**PROBLEM TO SOLVE:** In the material below, the lines between the one holding "De operationele data in" and the one holding "Les vitesses de", inclusive, are to be set down word for word. Pictures stay out.

**DATA FOR REVIEW:**
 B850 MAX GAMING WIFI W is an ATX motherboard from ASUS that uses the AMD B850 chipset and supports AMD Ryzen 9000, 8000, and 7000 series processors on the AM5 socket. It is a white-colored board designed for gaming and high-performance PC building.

==

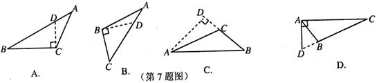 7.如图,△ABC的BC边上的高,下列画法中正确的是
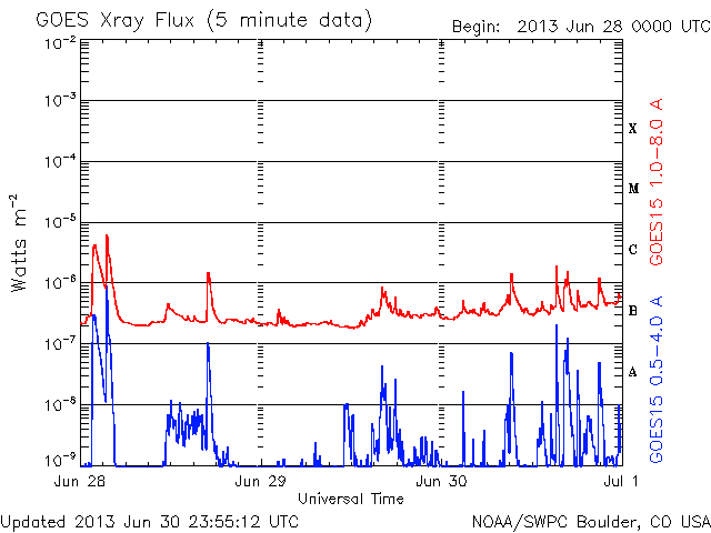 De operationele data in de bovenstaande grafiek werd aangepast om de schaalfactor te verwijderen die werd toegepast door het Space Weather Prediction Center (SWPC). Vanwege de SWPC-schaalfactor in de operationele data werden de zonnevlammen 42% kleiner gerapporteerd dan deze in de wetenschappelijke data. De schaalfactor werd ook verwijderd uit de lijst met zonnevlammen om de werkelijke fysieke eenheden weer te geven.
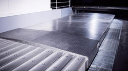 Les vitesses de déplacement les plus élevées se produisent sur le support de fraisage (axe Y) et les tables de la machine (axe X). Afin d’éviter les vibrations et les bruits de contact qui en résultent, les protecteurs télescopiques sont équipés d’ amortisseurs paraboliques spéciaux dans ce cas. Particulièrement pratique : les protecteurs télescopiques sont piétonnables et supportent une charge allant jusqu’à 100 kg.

**RESPONSE:**
 De operationele data in de bovenstaande grafiek werd aangepast om de schaalfactor te verwijderen die werd toegepast door het Space Weather Prediction Center (SWPC). Vanwege de SWPC-schaalfactor in de operationele data werden de zonnevlammen 42% kleiner gerapporteerd dan deze in de wetenschappelijke data. De schaalfactor werd ook verwijderd uit de lijst met zonnevlammen om de werkelijke fysieke eenheden weer te geven.
 Les vitesses de déplacement les plus élevées se produisent sur le support de fraisage (axe Y) et les tables de la machine (axe X). Afin d’éviter les vibrations et les bruits de contact qui en résultent, les protecteurs télescopiques sont équipés d’ amortisseurs paraboliques spéciaux dans ce cas. Particulièrement pratique : les protecteurs télescopiques sont piétonnables et supportent une charge allant jusqu’à 100 kg.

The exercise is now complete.